Eclesiástico 40, 1-10


Miseria del hombre.
Penoso destino se ha asignado a todo hombre,
pesado yugo grava sobre los hijos de Adán,
desde el día en que salen del seno materno,
hasta el día de su regreso a la madre de todos.
El objeto de sus reflexiones, la ansiedad de su corazón
es la espera angustiosa del día de la muerte.
Desde el que está sentado en un trono glorioso
hasta el que yace humillado en la ceniza y el polvo;
desde el que lleva púrpura y corona
hasta el que se cubre con harapos;
todos conocen la ira y la envidia, la turbación y la inquietud,
el miedo a la muerte, el resentimiento y la discordia.

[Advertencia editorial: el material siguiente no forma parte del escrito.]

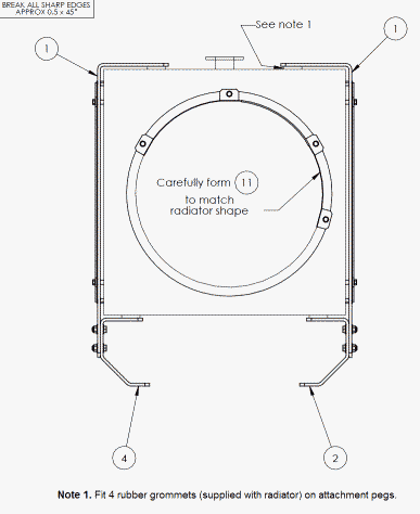 The stone guard is designed for centre mounted power pack engines to prevent stones entering the fan and causing damage to the radiator core.
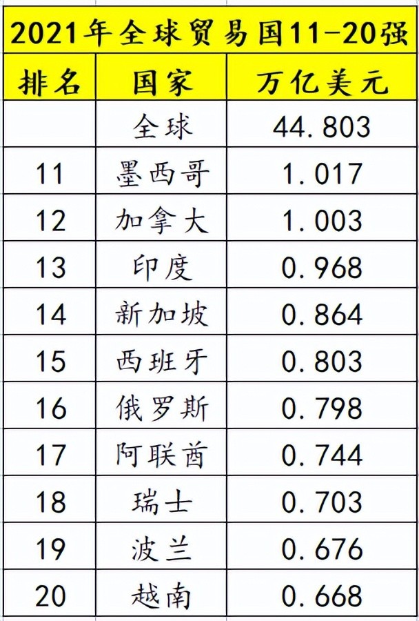 我们的邻居,一直希望成为“世界工厂”的越南,2021年外贸总额为0.668万亿美元,进入了全球第20名,表现还是很不错的。不过,我国是其9倍,差距还是很大的。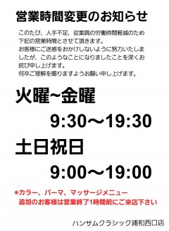 この度は誠に勝手ながら、営業時間変更をさせて頂く事となりました。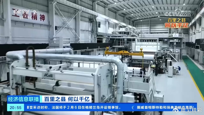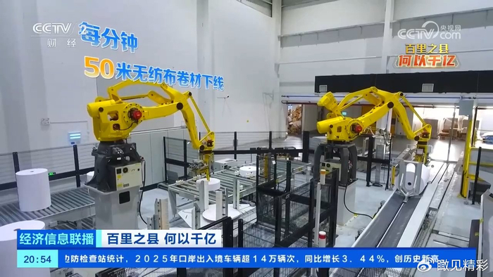 总台记者 许伟:走进这间智能化生产车间,机械臂精准运转,生产线高速飞驰,每分钟就有50米无纺布卷材新鲜下线。这样的生产节奏,在仙桃2000多家非织造布企业里,早已是常态。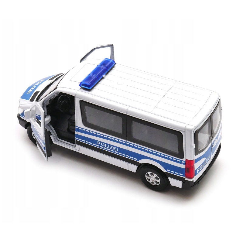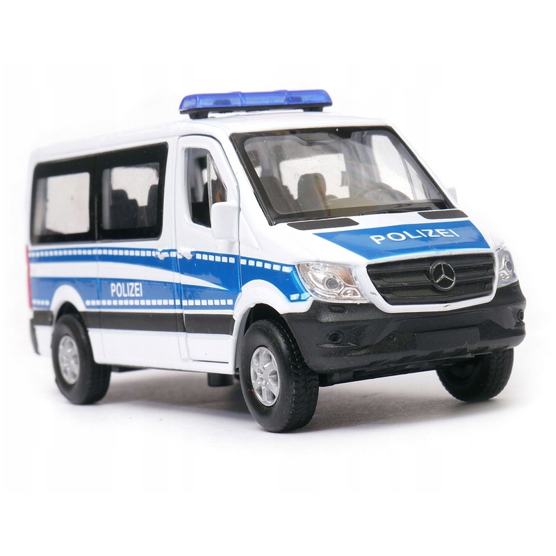 Welly fém modelljármű 1/34-1/39 méretarányban, rendőrségi festéssel. A Sprinter Traveliner típust több országban is használnak rendőrségi szállító és járőrkiegészítő járműként, ezért a rendőrautós kollekciókban jó kiegészítő a klasszikus személyautók mellé. Guruló kerekekkel készült, a nagyobb kasztni miatt polcon is látványos, játékhoz pedig praktikus, mert stabilan mozgatható.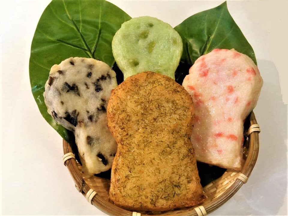 2019/08/15 KOFUN天 登場! KOFUN天は、紅ショウガ、枝豆、きくらげ、イカ、蓮根など全8種類。おやつやお酒のお供に、お土産にも喜ばれますよ♪1個 180円(税込) 手造りかまぼこ 味大【藤井寺市】 食べる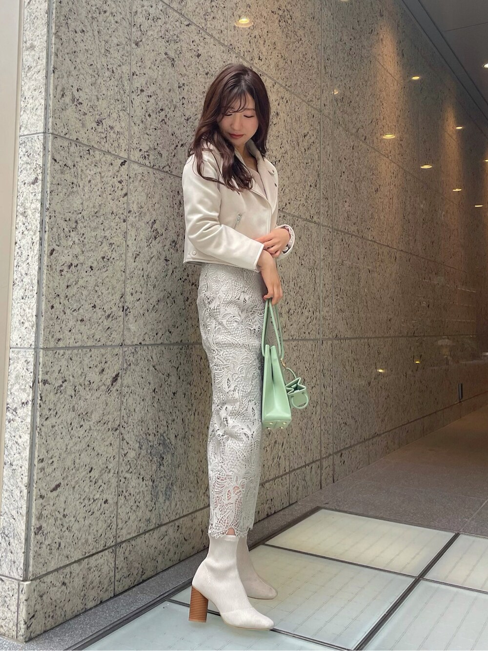 トップスはシフォン袖×透け感×アシメネックが可愛いニット❤︎ デコルテ見せで女性らしい印象にもしてくれます◡̈⃝ スカートはマーキュリー定番のレースタイトスカートです♡ ハイウエストなので脚長に、またウエストもくびれて見えるデザインで履くだけで細見えします! 裾に透け感もあるので小柄な方でも着て頂きやすいです❤︎ 合わせたライダースもマーキュリー定番アウター♫ ショート丈で羽織ると腰の位置を高見えさせてくれます!ライダースですがスエード生地と淡いカラーで、ハードにならず優しい印象に♡ バッグはトレンドのショッパーデザインバック! 一気にコーデをお洒落な雰囲気にしてくれます♪

Y mientras descansa en el lecho,
los sueños nocturnos alteran sus pensamientos.
Descansa un poco, apenas un instante,
y ya en sueños o en vigilia,
se ve turbado por sus propias visiones,
como si fuese un fugitivo que huye del combate,
que al sentirse libre, se despierta,
sorprendido de su infundido temor.
Éste es el destino de toda criatura, del hombre hasta la bestia,
pero para los pecadores es siete veces peor:
muerte, sangre, discordia, espada,
adversidades, hambre, tribulación, azote.
Todo esto fue creado para los malvados,
y por su culpa se produjo el diluvio.